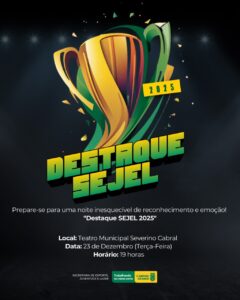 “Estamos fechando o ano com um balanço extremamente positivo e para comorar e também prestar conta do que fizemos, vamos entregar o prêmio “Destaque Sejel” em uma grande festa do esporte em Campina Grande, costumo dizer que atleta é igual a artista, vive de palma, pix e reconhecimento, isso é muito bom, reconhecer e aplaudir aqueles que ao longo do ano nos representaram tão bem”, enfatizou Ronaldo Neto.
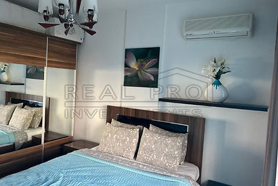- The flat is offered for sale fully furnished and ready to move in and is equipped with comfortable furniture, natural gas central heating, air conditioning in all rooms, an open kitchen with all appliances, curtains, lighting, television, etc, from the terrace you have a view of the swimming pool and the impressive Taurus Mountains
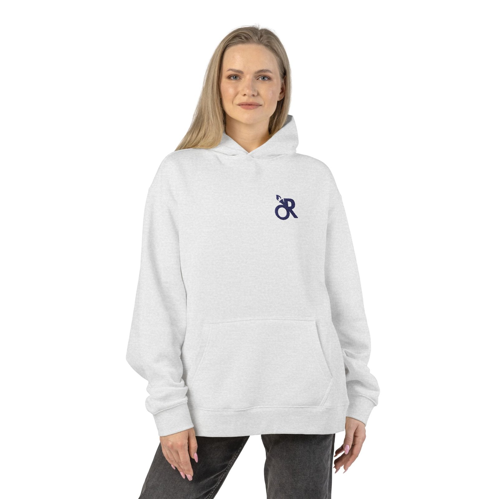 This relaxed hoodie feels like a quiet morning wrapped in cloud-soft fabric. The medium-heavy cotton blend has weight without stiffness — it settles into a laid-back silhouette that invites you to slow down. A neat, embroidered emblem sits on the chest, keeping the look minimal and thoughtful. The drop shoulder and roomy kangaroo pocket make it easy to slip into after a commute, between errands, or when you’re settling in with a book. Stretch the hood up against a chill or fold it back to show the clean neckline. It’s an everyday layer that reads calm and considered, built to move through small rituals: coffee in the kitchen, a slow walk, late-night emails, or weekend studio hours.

▶ WHAT YOU NEED TO DO
Print the material again word for word. Please drop every picture.

▶ RESPONSE BOX
 “Estamos fechando o ano com um balanço extremamente positivo e para comorar e também prestar conta do que fizemos, vamos entregar o prêmio “Destaque Sejel” em uma grande festa do esporte em Campina Grande, costumo dizer que atleta é igual a artista, vive de palma, pix e reconhecimento, isso é muito bom, reconhecer e aplaudir aqueles que ao longo do ano nos representaram tão bem”, enfatizou Ronaldo Neto.
- The flat is offered for sale fully furnished and ready to move in and is equipped with comfortable furniture, natural gas central heating, air conditioning in all rooms, an open kitchen with all appliances, curtains, lighting, television, etc, from the terrace you have a view of the swimming pool and the impressive Taurus Mountains
 This relaxed hoodie feels like a quiet morning wrapped in cloud-soft fabric. The medium-heavy cotton blend has weight without stiffness — it settles into a laid-back silhouette that invites you to slow down. A neat, embroidered emblem sits on the chest, keeping the look minimal and thoughtful. The drop shoulder and roomy kangaroo pocket make it easy to slip into after a commute, between errands, or when you’re settling in with a book. Stretch the hood up against a chill or fold it back to show the clean neckline. It’s an everyday layer that reads calm and considered, built to move through small rituals: coffee in the kitchen, a slow walk, late-night emails, or weekend studio hours.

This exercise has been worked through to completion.